_WHAT TO DO:_ Using the records below, copy exactly the part that opens with the line holding "Feel yourself drift" and closes with the line holding "次に向かったのは金沢21世紀", minus the pictures.

_SUPPLIED ENTRIES:_
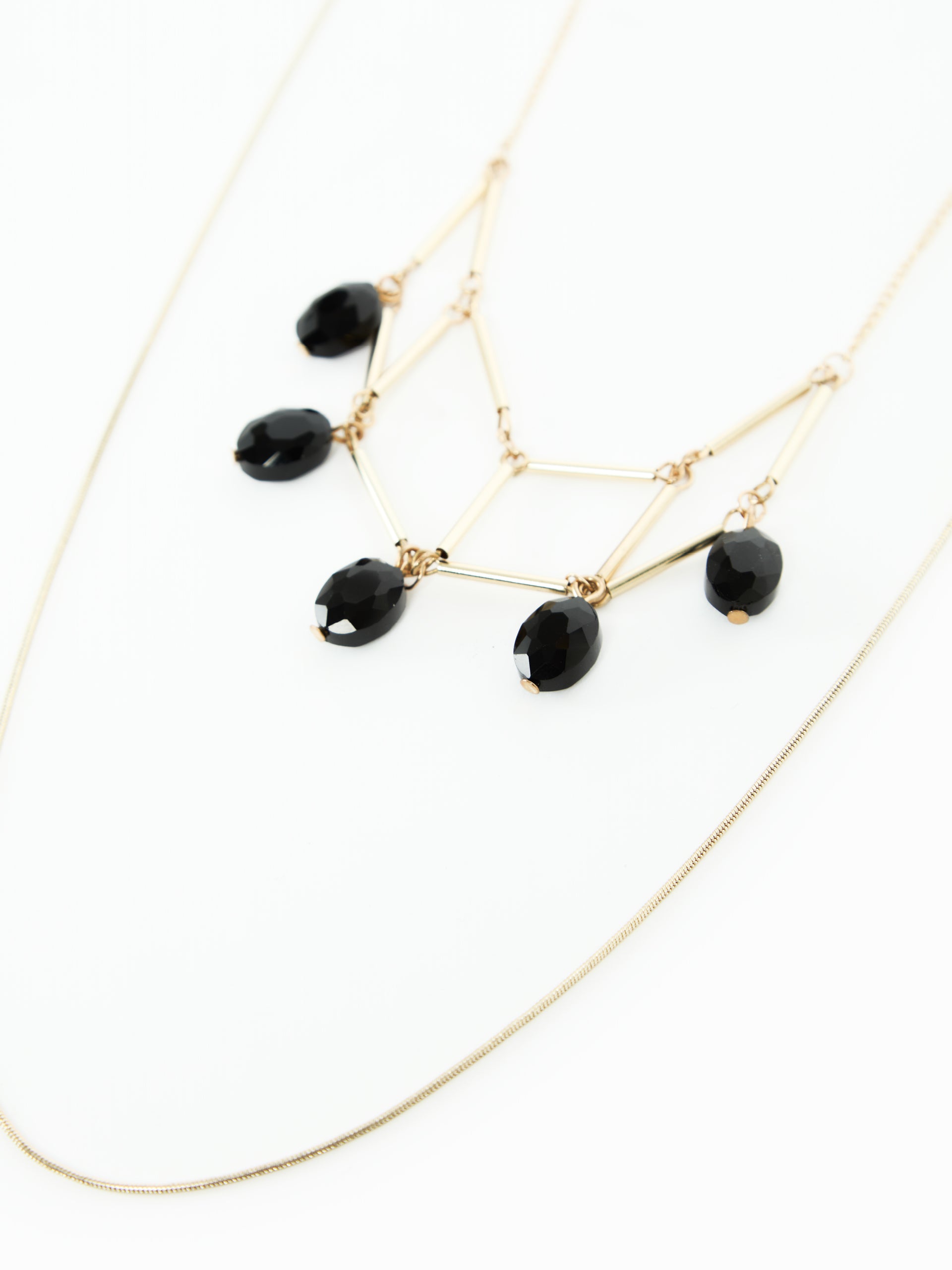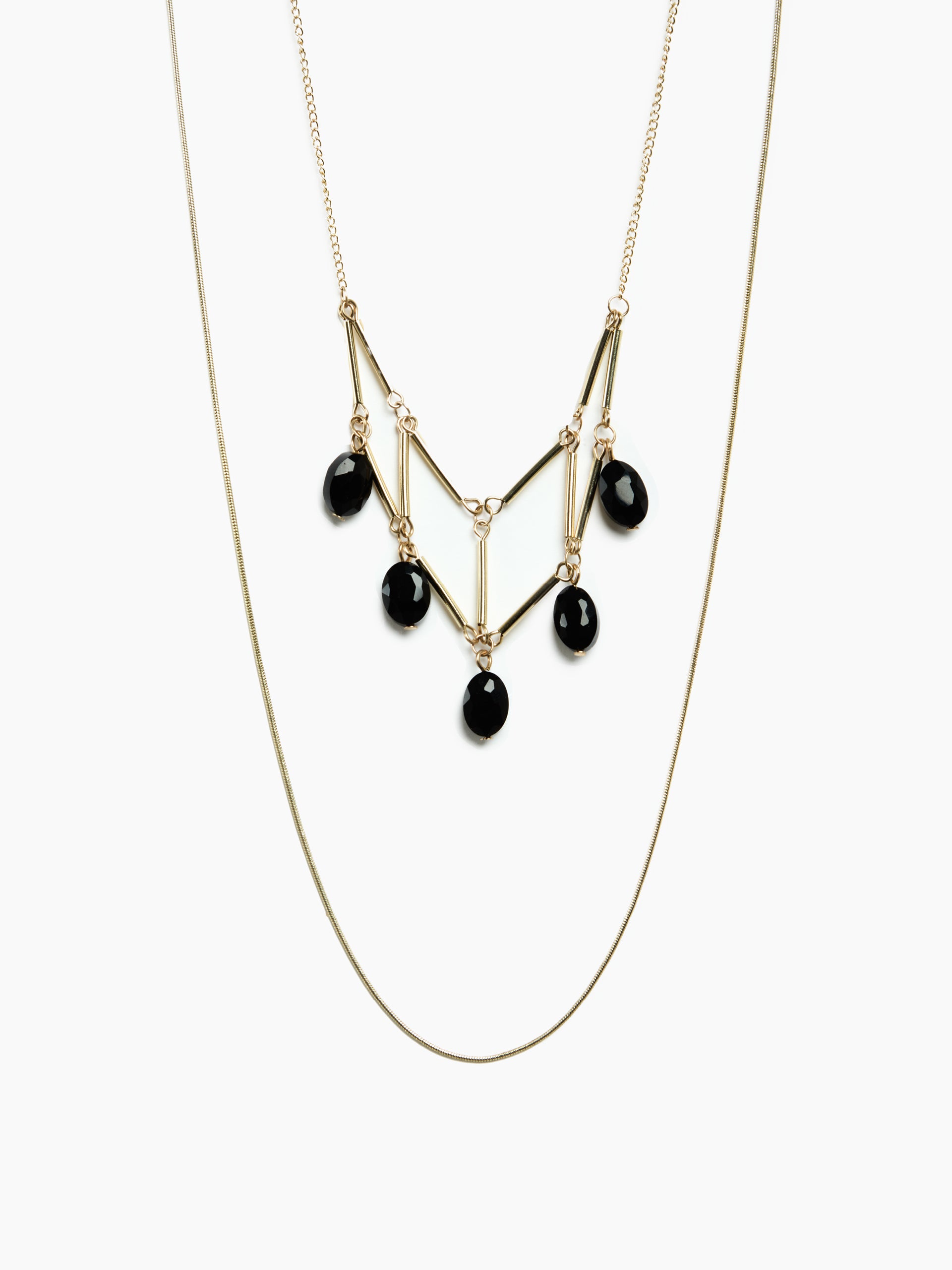 Long two-strand necklace made with a thin chain and a central element with a geometric design. The metal tubes and pendants add light and originality.
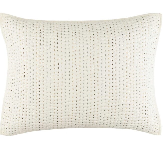 Feel yourself drift away under this gauzy cloudlike dream. A simple quilted sham gets a subtle update with hand-crafted Kantha stitched channels in polychromatic earth tones. The precise stitches add structure and support to the buttery-soft cotton voile, blending the antiqued off-white fabric with cushy batting to deliver year-round warmth and transcendent snuggliness. Designed for us by Marie Flanigan, principal of Marie Flanigan Interiors, reflecting her signature style of timeless elegance and innovative simplicity.
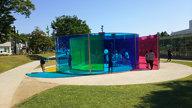 次に向かったのは金沢21世紀美術館です。美術館も兼六園も金沢城もここも徒歩圏内にあるため、まとめて回れるのでとてもありがたかったりします。ここの美術館の敷地内には、こういった触れたり出来る作品が点在していました。説明では比較的若手の芸術家さんたちの作品を集めた美術館のようなので、こういった作品が多いのかもしれません。
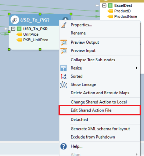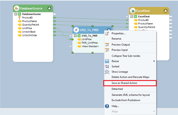 Shared actions in Astera allow sharing an item or an action at multiple places. The item that needs to be used repeatedly can be extracted into a Shared Action, which can then be used wherever needed. Moreover, any changes or updates that need to be made to an item can be made only in the Shared Action, and all occurrences of the Shared Action item will automatically accommodate all the changes.
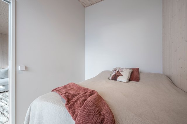 Kaksi makuuhuonetta, joista isommasta on muodostettu lisäksi erillinen tila, joka sopii esimerkiksi työhuonekäyttöön. Asunnon edessä oleva terassi tarjoaa mahdollisuuden nauttia ulkoilmasta omassa rauhassa.
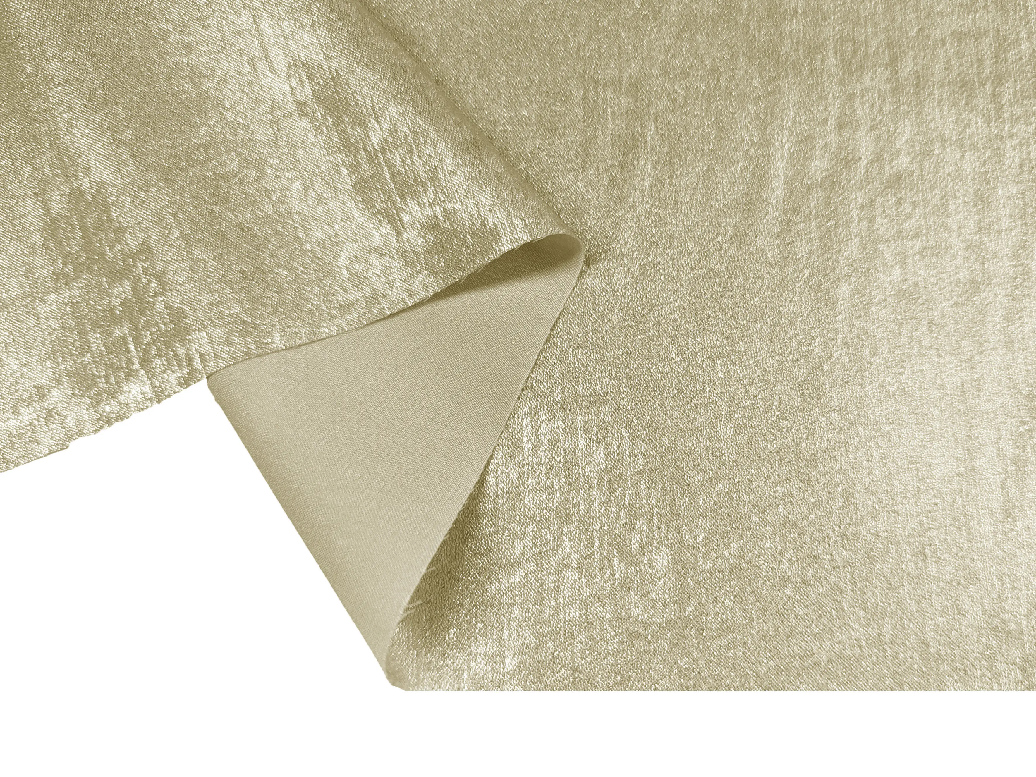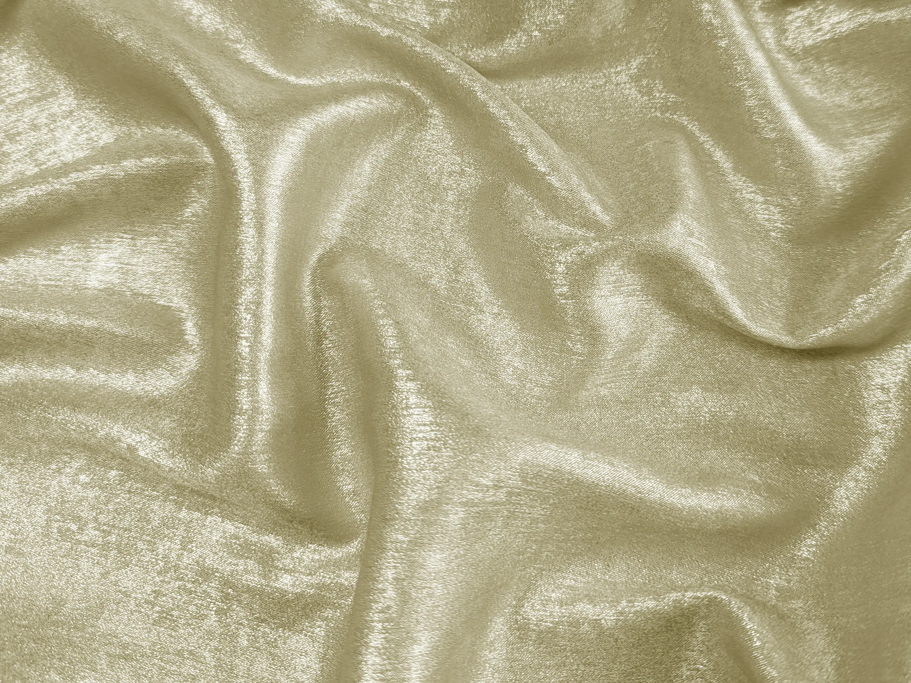 Сатин Шимер - тонкий, легкий, струмливий матеріал. Вплетена металізована нитка формує на поверхні тканини нерівномірний ефект сяйва, що переливається, зворотний бік однотонний, гладкий, матовий. На дотик матеріал злегка шорсткий, але водночас тактильно приємний, не еластичний, на тілі не просвічує, не мнеться, під час драпірування формуються плавні, м'які складки.

_EXERCISE RESPONSE:_
 Feel yourself drift away under this gauzy cloudlike dream. A simple quilted sham gets a subtle update with hand-crafted Kantha stitched channels in polychromatic earth tones. The precise stitches add structure and support to the buttery-soft cotton voile, blending the antiqued off-white fabric with cushy batting to deliver year-round warmth and transcendent snuggliness. Designed for us by Marie Flanigan, principal of Marie Flanigan Interiors, reflecting her signature style of timeless elegance and innovative simplicity.
 次に向かったのは金沢21世紀美術館です。美術館も兼六園も金沢城もここも徒歩圏内にあるため、まとめて回れるのでとてもありがたかったりします。ここの美術館の敷地内には、こういった触れたり出来る作品が点在していました。説明では比較的若手の芸術家さんたちの作品を集めた美術館のようなので、こういった作品が多いのかもしれません。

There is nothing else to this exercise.